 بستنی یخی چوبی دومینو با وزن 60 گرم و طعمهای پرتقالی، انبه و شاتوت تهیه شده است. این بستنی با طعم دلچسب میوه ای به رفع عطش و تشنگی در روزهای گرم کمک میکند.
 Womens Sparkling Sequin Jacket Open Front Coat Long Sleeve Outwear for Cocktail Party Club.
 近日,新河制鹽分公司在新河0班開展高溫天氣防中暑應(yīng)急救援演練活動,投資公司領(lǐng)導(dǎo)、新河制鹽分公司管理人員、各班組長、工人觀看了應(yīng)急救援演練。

▬▬▬

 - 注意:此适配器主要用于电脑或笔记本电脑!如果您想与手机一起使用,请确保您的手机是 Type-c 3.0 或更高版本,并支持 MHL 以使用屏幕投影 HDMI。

▬▬▬

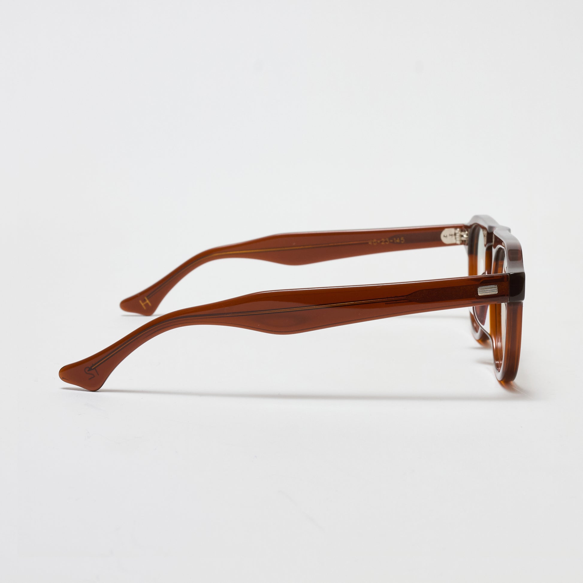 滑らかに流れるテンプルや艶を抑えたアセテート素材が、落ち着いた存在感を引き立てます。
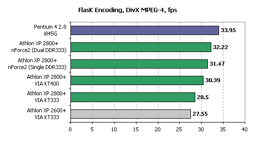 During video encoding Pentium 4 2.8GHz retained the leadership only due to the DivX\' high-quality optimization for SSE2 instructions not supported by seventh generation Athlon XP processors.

▬▬▬

Will you return exactly the lines above from the one with "بستنی یخی چوبی" down to the one with "近日,新河制鹽分公司在新河0", counting both as part of the range?

## Reply
 بستنی یخی چوبی دومینو با وزن 60 گرم و طعمهای پرتقالی، انبه و شاتوت تهیه شده است. این بستنی با طعم دلچسب میوه ای به رفع عطش و تشنگی در روزهای گرم کمک میکند.
 Womens Sparkling Sequin Jacket Open Front Coat Long Sleeve Outwear for Cocktail Party Club.
 近日,新河制鹽分公司在新河0班開展高溫天氣防中暑應(yīng)急救援演練活動,投資公司領(lǐng)導(dǎo)、新河制鹽分公司管理人員、各班組長、工人觀看了應(yīng)急救援演練。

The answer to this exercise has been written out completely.